Note: This special issue is a Thematic Track at IP&MC2022. For more information about IP&MC2022, please visit https://www.elsevier.com/events/conferences/information-processing-and-management-conference.
Title of the Special Issue
Human-Centered Artificial Intelligence (VSI: IPMC2022 HCAI)
Guest Editors
- Haoran Xie (Managing Guest Editor)
Associate Professor, Department of Computing and Decision Sciences at Lingnan University, Hong Kong, [email protected]
- Xiaohui Tao
Associate Professor, School of Sciences, University of Southern Queensland, Toowoomba, Australia, [email protected]
- Athena Vakali
Professor, Department of Informatics, Aristotle University, Thessaloniki, Greece, [email protected]
- Qiping Wang
Assistant Professor, Department of Information Management, East China Normal University, [email protected]
Background
Artificial Intelligence (AI) and machine learning, alongside the advances in decision making, prediction, knowledge extraction, and logic reasoning are widely implemented to address challenges in diverse areas, for example, chatbot, machine translation, fraud detection, content recommendation, clinical diagnosis, and autonomous devices. Effective and prevalent as AI is in real-world scenarios, AI-based systems also raise scholars’ and practitioners’ concerns about bias, discrimination, result interpretability, algorithmic transparency, and malicious use of AI. Indeed, “today’s most pressing questions in AI are Human-Centered”, as pointed out by Dr. Perter Norvig in Stanford HAI (Lynch 2021). Such knowledge and concerns on HCAI motivated this Special Issue as an exploration of the matter in the era of Artificial Intelligence.
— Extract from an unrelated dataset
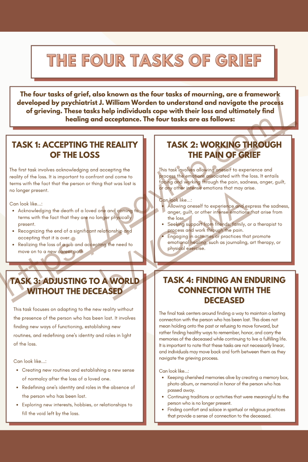 Grief Therapy Worksheets: Four Tasks of Grief (Counseling Tools)

The appropriate AI adoption can facilitate human welfare, however, as a double-edged sword. Many people show little trust in AI owing to the unawareness of why and how decisions are made by AI systems. It is thus essential for AI to make the decision-making process transparent. By equipping AI systems with explanation capabilities, trust between users and AI is built. Though machines are categorized by their abilities to conduct massive computations, human beings outperform machines in terms of metacognition. For the information generated by machines, humans should infuse values to make reasoned judgments about the information quality. In such a way, humans’ involvement in the design, development, and evaluation of AI systems ensures practical insights, leading to more meaningful and relatable systems to users’ needs. Human-centered AI (HCAI) focuses on humanity benefits from AI via trustworthy and safe systems designed and developed by augmenting human intelligence with machine intelligence. HCAI comprises two categories; i) AI regarding the human condition, which emphasizes AI humanity by incorporating humans’ intention into AI systems and enabling AI to understand commonsense knowledge with respect to ethical and social implications, and ii) promotion of humans’ understanding of AI systems with various approaches for addressing and mitigating errors caused by AI and enhancing users’ confidence in AI decisions.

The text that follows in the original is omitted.